**TO DO:**
In the entries below, find the line with "архитектурных форм осуществлялось" and the line with "Opération spéciale Noël", then retype both and everything between them exactly. Do not copy the pictures.

**EXTRACTED ENTRIES:**

━━━

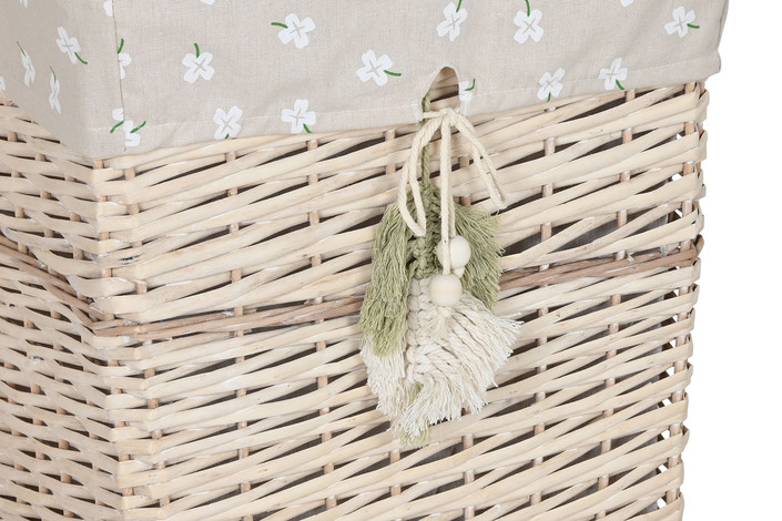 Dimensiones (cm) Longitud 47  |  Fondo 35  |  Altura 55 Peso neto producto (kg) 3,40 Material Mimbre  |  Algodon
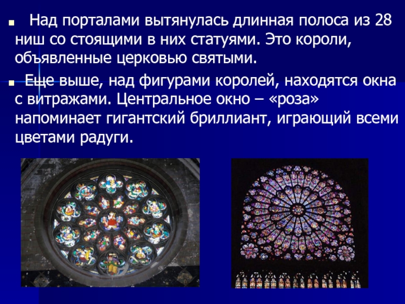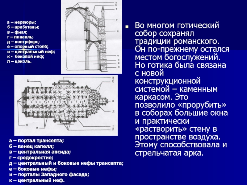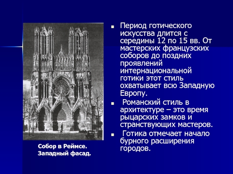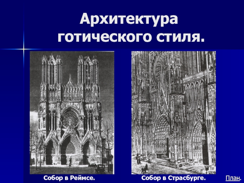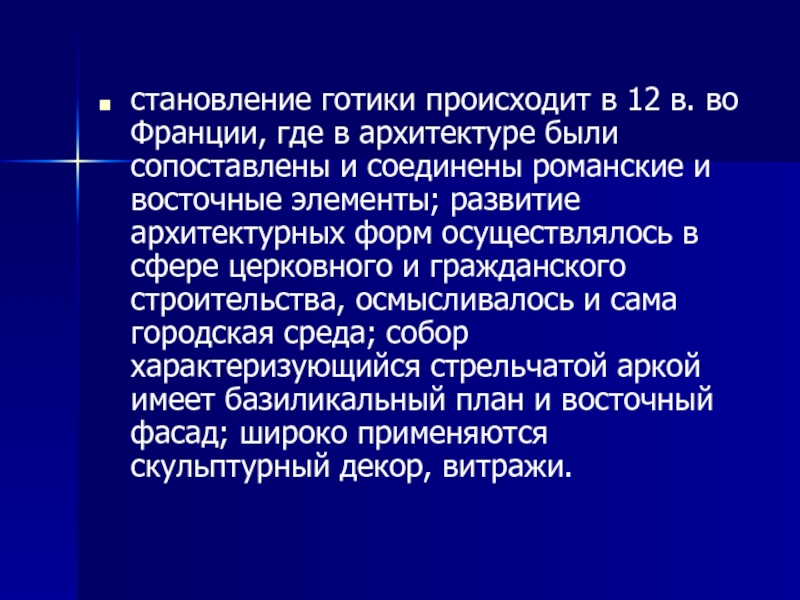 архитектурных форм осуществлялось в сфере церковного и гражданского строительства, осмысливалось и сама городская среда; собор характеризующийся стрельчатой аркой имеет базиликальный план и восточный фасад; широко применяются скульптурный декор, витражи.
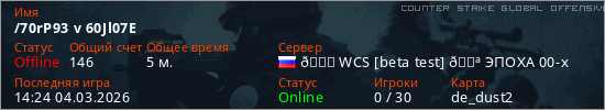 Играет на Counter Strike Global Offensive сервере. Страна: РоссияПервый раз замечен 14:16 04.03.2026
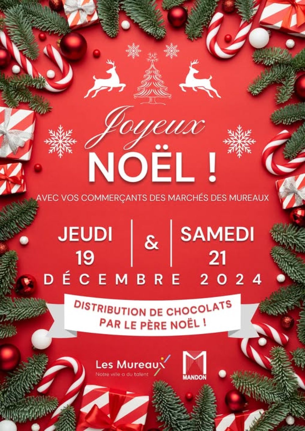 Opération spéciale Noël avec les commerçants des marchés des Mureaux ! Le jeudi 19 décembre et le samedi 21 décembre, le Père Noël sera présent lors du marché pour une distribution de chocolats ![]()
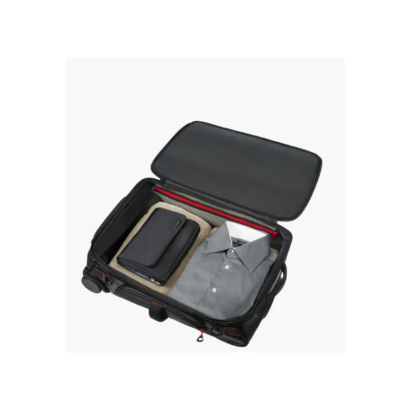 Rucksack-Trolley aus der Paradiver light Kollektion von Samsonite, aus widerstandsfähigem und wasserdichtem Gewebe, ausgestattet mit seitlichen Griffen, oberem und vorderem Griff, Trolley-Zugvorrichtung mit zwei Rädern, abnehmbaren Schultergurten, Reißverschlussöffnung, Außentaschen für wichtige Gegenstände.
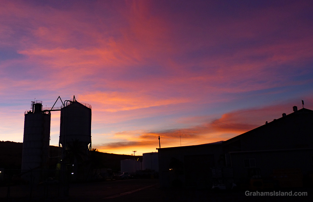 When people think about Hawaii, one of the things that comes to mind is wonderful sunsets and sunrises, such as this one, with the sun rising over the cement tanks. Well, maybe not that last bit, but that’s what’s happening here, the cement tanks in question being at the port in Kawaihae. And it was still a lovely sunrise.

━━━

**SOLUTION TO THIS EXERCISE:**
 архитектурных форм осуществлялось в сфере церковного и гражданского строительства, осмысливалось и сама городская среда; собор характеризующийся стрельчатой аркой имеет базиликальный план и восточный фасад; широко применяются скульптурный декор, витражи.
 Играет на Counter Strike Global Offensive сервере. Страна: РоссияПервый раз замечен 14:16 04.03.2026
 Opération spéciale Noël avec les commerçants des marchés des Mureaux ! Le jeudi 19 décembre et le samedi 21 décembre, le Père Noël sera présent lors du marché pour une distribution de chocolats ![]()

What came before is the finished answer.